Herleif turned to see a big man glare at him from under a single, thick eyebrow. His belly was almost as big as that of the master of these fields, and his nose seemed to have been broken a great many times. Herleif spat in his hands, rubbed them together, and took up his pitchfork.

“Just a moment to catch my breath, is all,” he said, eyeing the newcomer. “Who are you?”

“I drive the carts,” the man said. “Name’s Sten.”

“Good name, that,” Herleid said.

Sten nodded and stared at Herleif for a few seconds. Just when Herleif was about to ask him what he wanted, Sten stepped closer.

“Want to make some extra coin?” He asked softly.

Herleif felt a cold, nervous tugging deep in his gut. He gripped the pitchfork tightly.

“What do you mean?”

“You sleep in the farmstead?” Sten said.

Herleif nodded.

“Where?”

“In the shed,” Herleif said. “Me and most of these other buggers who have to work tomorrow.”

“I’m sweet on a girl that sleeps there, too,” Sten said. “And I want to come and see her tonight.”

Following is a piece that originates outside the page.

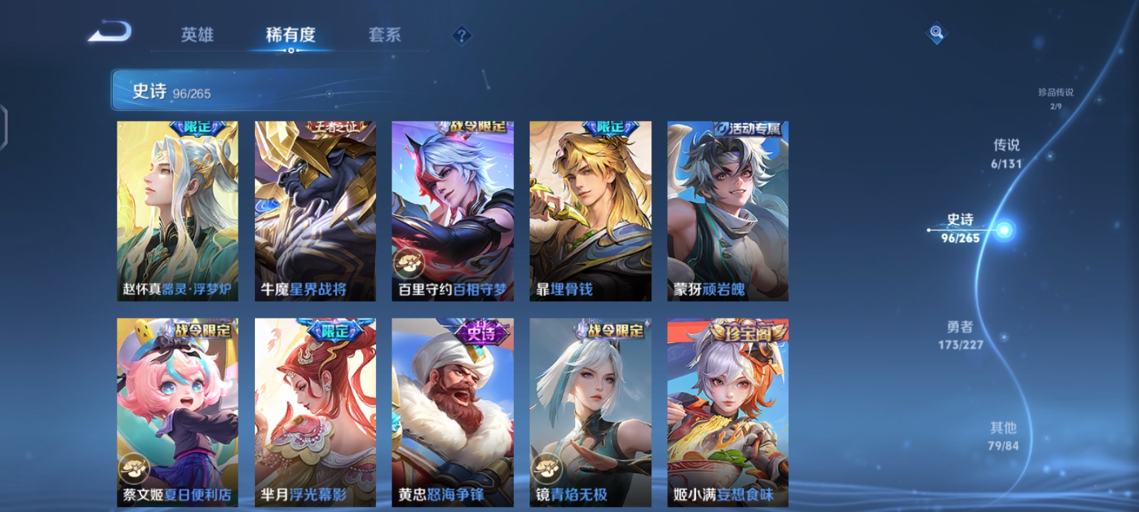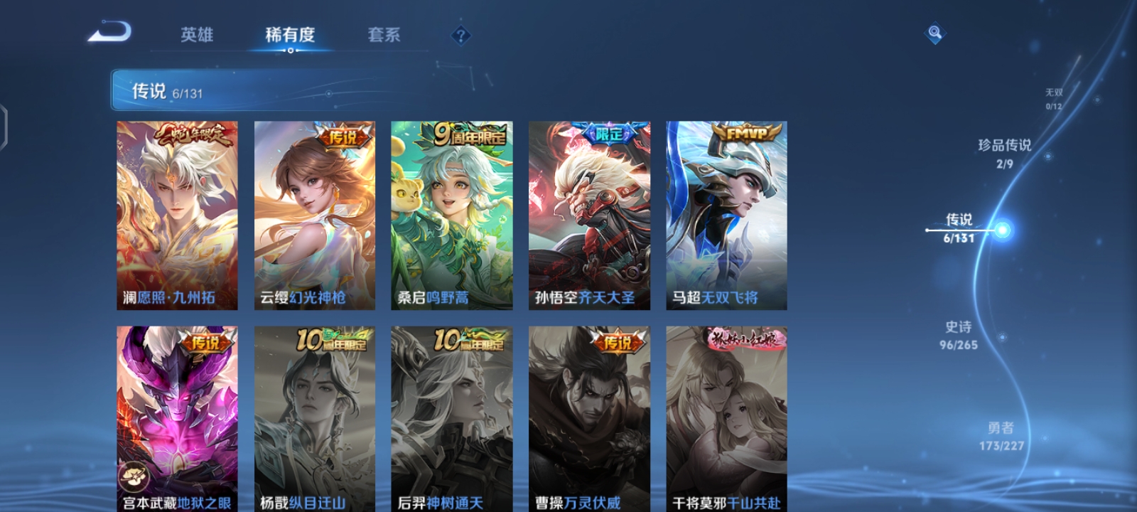 安卓QQ-2典藏-6传说-358皮肤-125英雄-最强王者-差3百贵8,2典藏2珍品6传说10星史诗2星传说,s41王者段位,16印记,满铭文,可以二次

“Looking to steal some kisses, are you?”

Sten drew back his dry and cracked lips to reveal two rows of rotting teeth in what Herleif reckoned to be a smile. “You could say that,” Sten said. “I need a little friend inside, a little friend who can open the door for me.”

“Why not get the girl to do it herself?” Herleif said.

“It’s a surprise.” Sten said, and two fat fingers appeared from his pockets, holding a Silver Mark between them. That was enough to last Herleif more than a month in winter, maybe two weeks if he bought the occasional tankard of mead.

 “Sounds like a good surprise,” Herleif said.

The cart driver chuckled. “I knew you’d be up for it,” he said. “You just be sure to have a late night stroll near the gate when you hear a wolf howl. Have the watchman bugger off for a few minutes and whistle once in the dark when he’s gone.”